WHAT NEEDS TO BE DONE
Would you reproduce the data below exactly, please, leaving out its images?

RECORDS PROVIDED
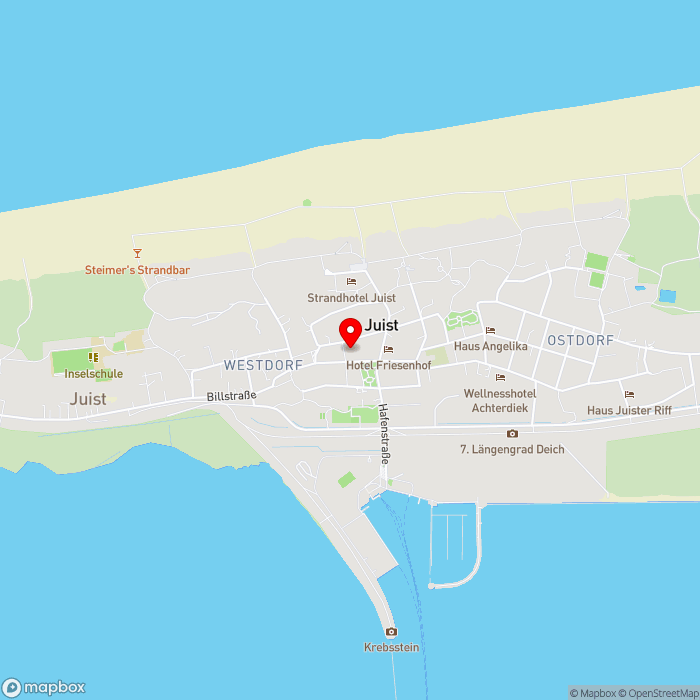 Das Hotel Atlantic Juist befindet sich im Ortszentrum von Juist. Die nächstgrößere Stadt ist Emden und liegt ca. 44 km entfernt. Den nächsten Bahnhof und die Bushaltestelle erreichen Sie nach etwa 12 km Entfernung. Nur ca. 200 m entfernt befinden sich der nächste Sandstrand und das Meer. In der Umgebung erwarten Sie sowohl Fahrradwege als auch Wandergebiete.
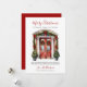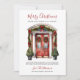 Röd ytterdörr för vattenfärg, God jul Julkort
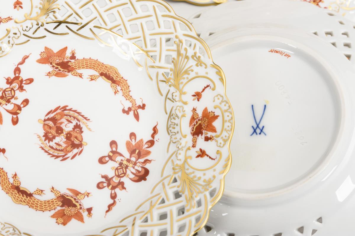 6 Durchbruchteller mit Drachenmalerei. Meissen.
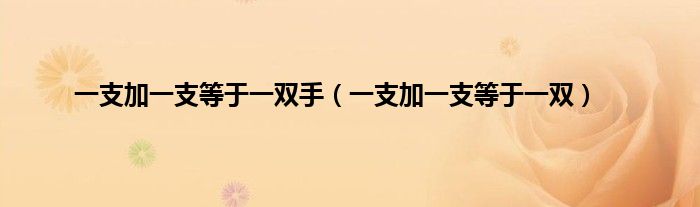 以上就是【一支加一支等于一双手,一支加一支等于一双】相关内容。
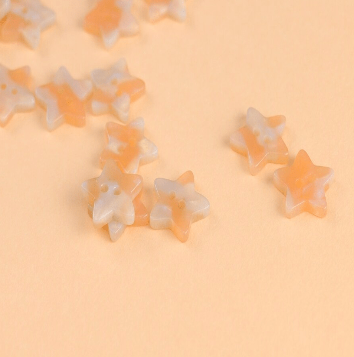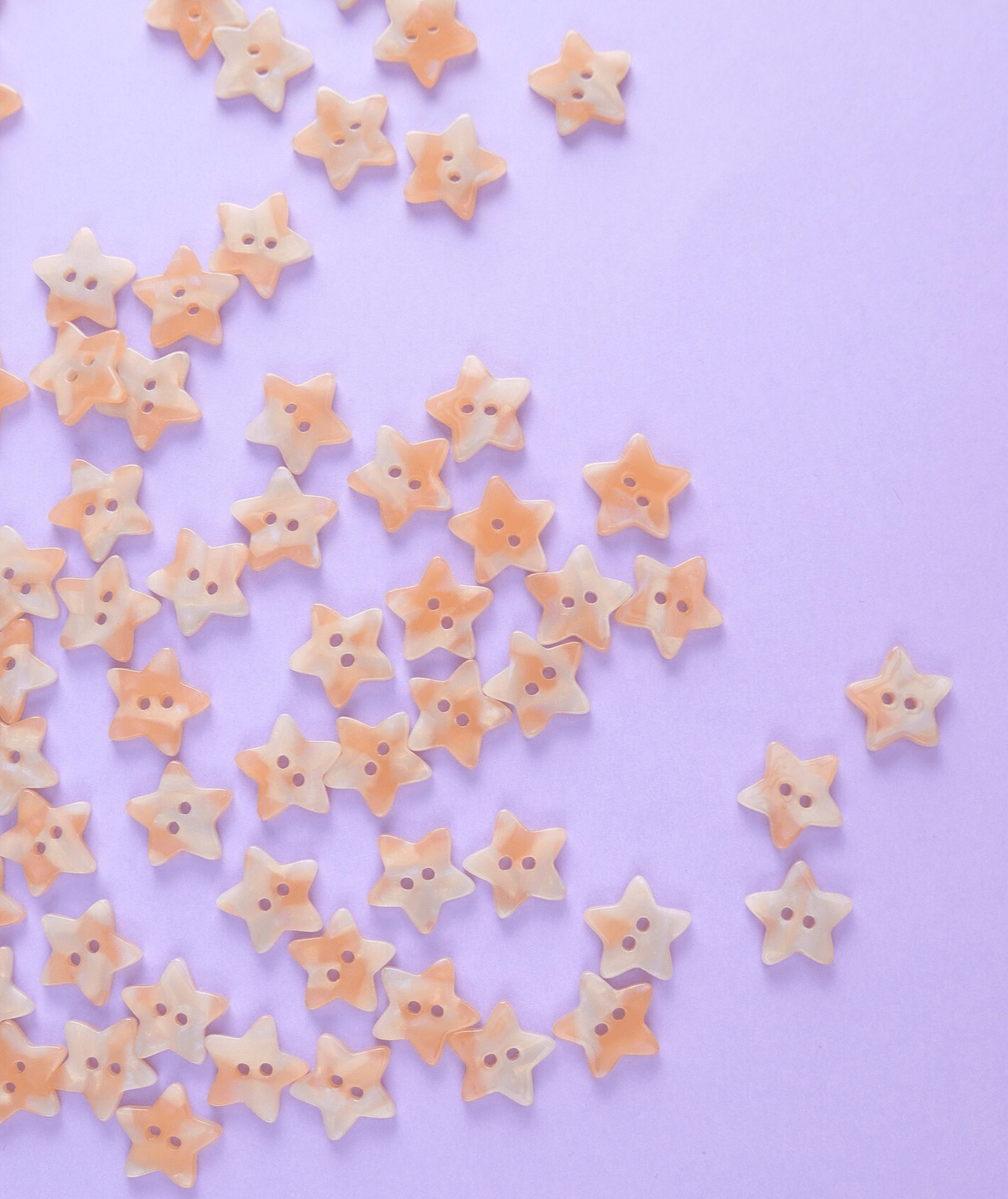 Pearlescent cream and peach star buttons that glimmer when they catch the light.
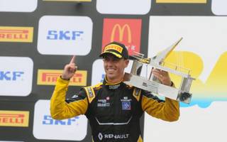 El platense Nicolás Moscardini cruza la meta, mientras que le bajan la bandera a cuadros / Fórmula 2.0
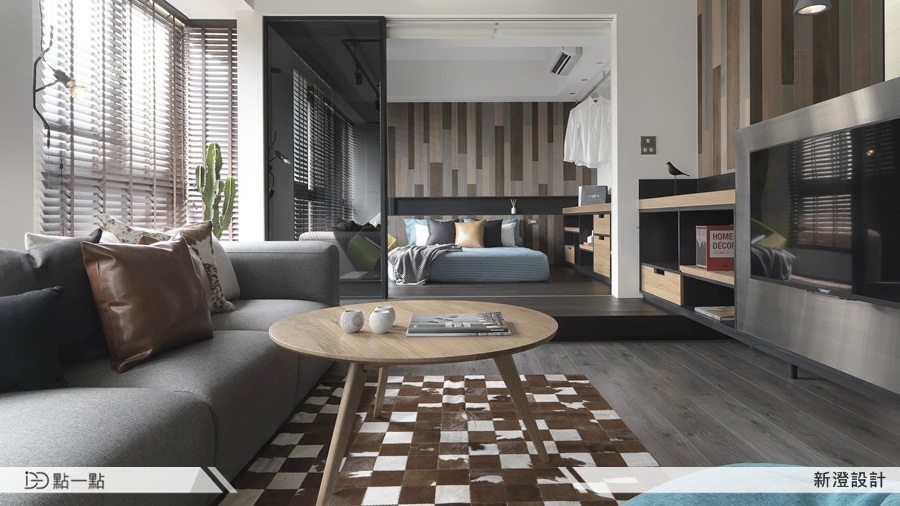 臥房則採以玻璃拉門規劃,以通透彈性的設計,讓公私領域隨時保有緊密的連結。

EXERCISE RESPONSE
 Das Hotel Atlantic Juist befindet sich im Ortszentrum von Juist. Die nächstgrößere Stadt ist Emden und liegt ca. 44 km entfernt. Den nächsten Bahnhof und die Bushaltestelle erreichen Sie nach etwa 12 km Entfernung. Nur ca. 200 m entfernt befinden sich der nächste Sandstrand und das Meer. In der Umgebung erwarten Sie sowohl Fahrradwege als auch Wandergebiete.
 Röd ytterdörr för vattenfärg, God jul Julkort
 6 Durchbruchteller mit Drachenmalerei. Meissen.
 以上就是【一支加一支等于一双手,一支加一支等于一双】相关内容。
 Pearlescent cream and peach star buttons that glimmer when they catch the light.
 El platense Nicolás Moscardini cruza la meta, mientras que le bajan la bandera a cuadros / Fórmula 2.0
 臥房則採以玻璃拉門規劃,以通透彈性的設計,讓公私領域隨時保有緊密的連結。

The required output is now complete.